Using WAITVID with INDA++ and multi-tasking + other observations

cgracey · 2013-11-02 22:54

jmg wrote: »

Only caveat here, is what if applying the fix, then gives a much higher power consumption, on non-tasked waits ?
- so some care is needed.

There's not much opportunity for power-saving in the cog. As long as the clock is switching, there's a lot going on. A pipeline stall, though, does inhibit 99% of state changes, which are what consume power.

cgracey · 2013-11-02 22:57

Phil Pilgrim (PhiPi) wrote: »

But is it really executing? To me (a casual observer), it seems it's only branching back to itself because it could not execute. So nothing should happen in that case.

Now, if the argument were ++inda, that might be a different story.

-Phil

I'll see what I can do about this.
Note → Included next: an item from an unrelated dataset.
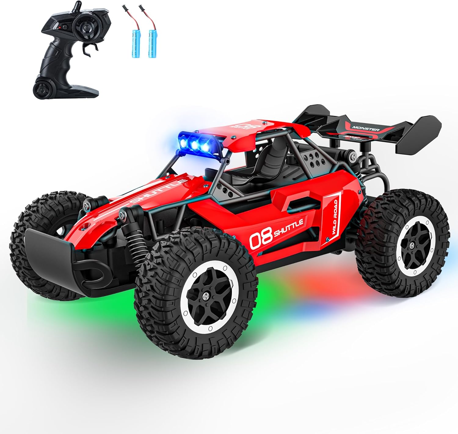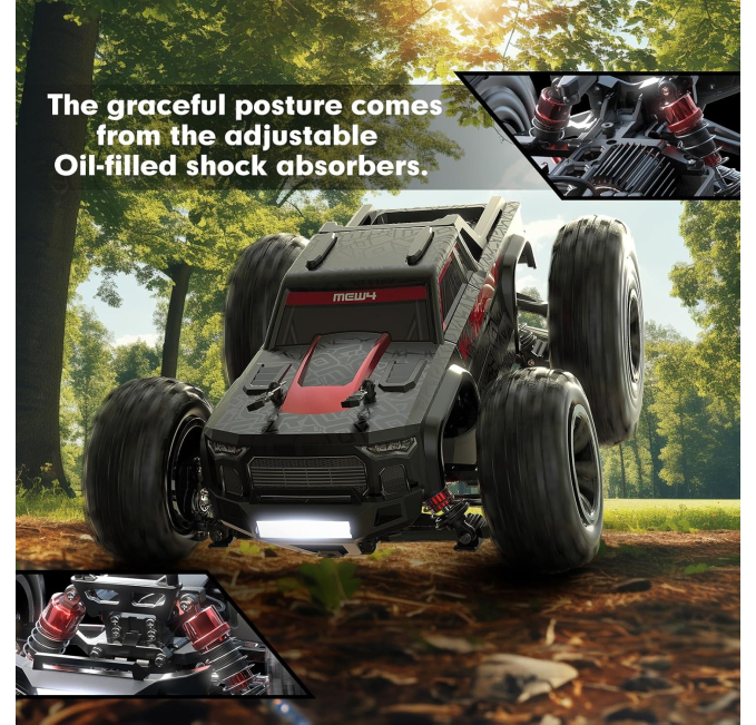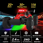 Tecnock RC Truck delivers high-speed action with a powerful 4WD system, reaching over 20 KM/H for exciting outdoor play. Its dual LED headlights enhance visibility for nighttime racing, while the 2.4GHz remote provides precise control with minimal interference. Built tough for all terrains, this rechargeable monster truck is a perfect gift for boys and teens who love backyard adventures.

I have a feeling that it's either going to be impossible or easy to fix.

Cluso99 · 2013-11-02 23:49

cgracey wrote: »

I'll see what I can do about this. I have a feeling that it's either going to be impossible or easy to fix.

Hope it's easy, but if not, then it's a caveat we have to be aware of (and only in multithreading). We now have a fantastic threaded model thanks to a lot of input.

cgracey · 2013-11-03 00:14

ozpropdev wrote: »
I was reluctant to use the term bug, maybe I will use the term observation in the future.

I have made another observation

When using GETMULL in multi-tasking I have observed what appears to be unexpected pipeline stall.
        setmula  reg1
        setmulb    reg2
        mov    mx,#7
        djnz    mx,$        'loop added to eliminate stall
        getmull    reg3
It appears that this instruction is not jumping to itself in multi-tasking mode?
Adding the small loop seems to fix the issue. Sorry Chip!

Cheers
Brian

I just did a test and it seems to be working fine. There could have been some incidental thing I noticed and fixed since that FPGA file was put out. Thanks for finding things like this. I would image there will be a few of these kinds of problems.

cgracey · 2013-11-03 00:18

Phil Pilgrim (PhiPi) wrote: »

But it's a wait instruction. Wait instructions do not "execute" until the wait condition is satisfied. The only reason to jump back to itself is not to stall the pipeline when the instruction cannot execute -- not to execute it repeatedly.

-Phil

The problem is that INDx happens in stage 2 of the pipeline, while "execution" happens at stage 4. INDA/INDB is already modified by the time the JMP #$ occurs - and it keeps getting modified with every iteration. I'll look more into it, but I think this is something we will have to be aware of in multitasking code.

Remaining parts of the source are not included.